Greetings from Melbourne Australia. I wonder if you know of Lodge Thespian in Sydney - met their Master a few weeks ago; here for a Shrine meeting...


----------



## dpk Shah (Dec 4, 2017)

Bloke said:


> Greetings from Melbourne Australia. I wonder if you know of Lodge Thespian in Sydney - met their Master a few weeks ago; here for a Shrine meeting...

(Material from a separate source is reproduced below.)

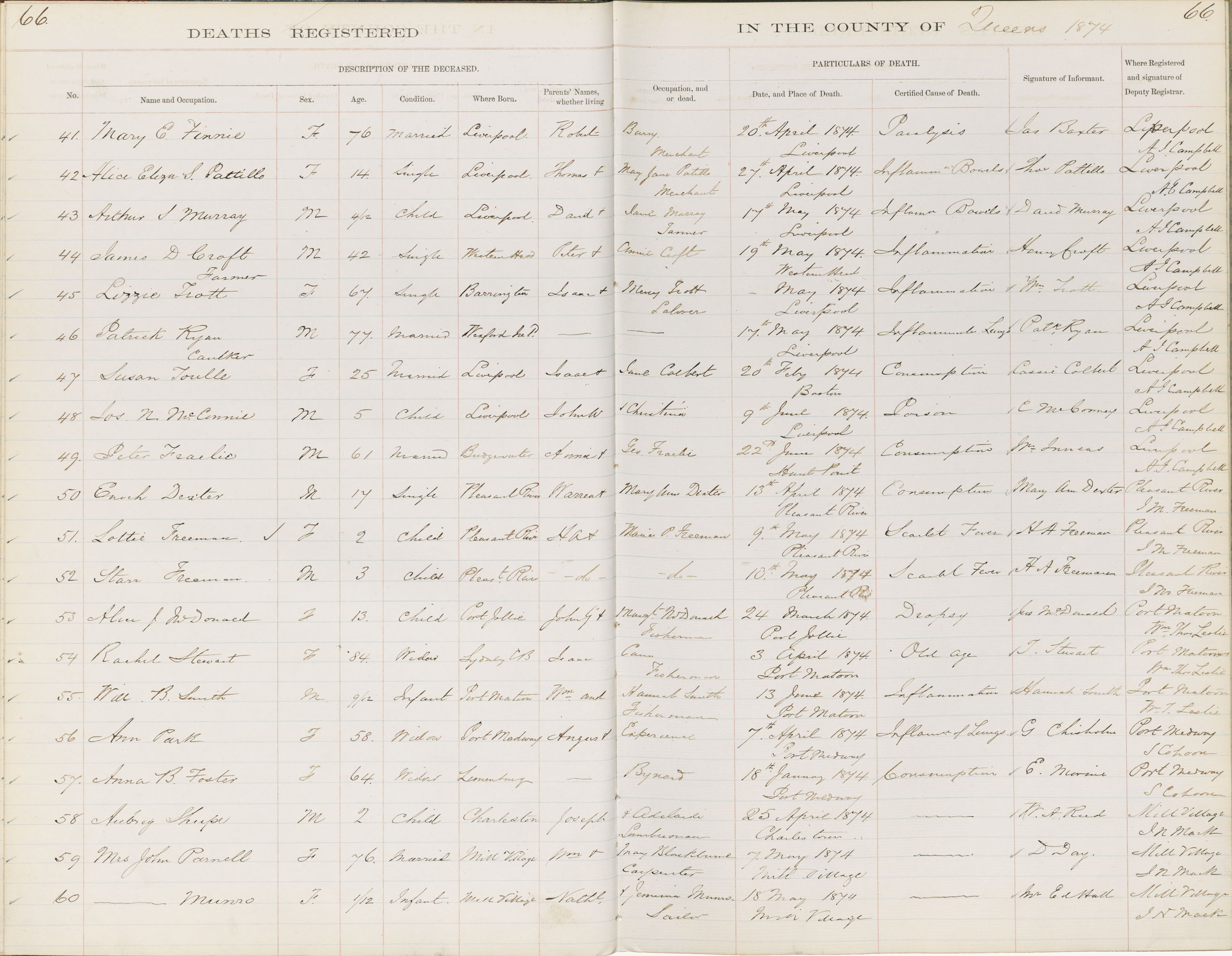 Death Registration: Year: 1874 book: 1814 page: 66 number: 60

Greetings Brother, yes know of Lodge Thespian Sydney, i follow them on FB.  Their WM for some reason reminds me of Ming the Merciless


----------



## Mike Martin (Dec 4, 2017)

Welcome aboard


----------



## Bloke (Dec 4, 2017)

dpk Shah said:


> Greetings Brother, yes know of Lodge Thespian Sydney, i follow them on FB.  Their WM for some reason reminds me of Ming the Merciless


LOL - he is now also the President of the Melbourne Shrine Club - I might call him Ming next time I see him. I've spoken to him on the phone a couple of times - Cameron Baird (VC) was a Brother in his Lodge, but I've only met him the once - but can see how you got that


----------



## dpk Shah (Dec 4, 2017)

Bloke said:


> LOL - he is now also the President of the Melbourne Shrine Club - I might call him Ming next time I see him. I've spoken to him on the phone a couple of times - Cameron Baird (VC) was a Brother in his Lodge, but I've only met him the once - but can see how you got that



I’ve never met him but we’ve exchanged pleasantries on FB. He’s part of my Lodge’s page and after my initiation I was added to Syd Thespian Lodge page.


----------



## Keith C (Dec 5, 2017)

Congratulations and welcome Brother.


----------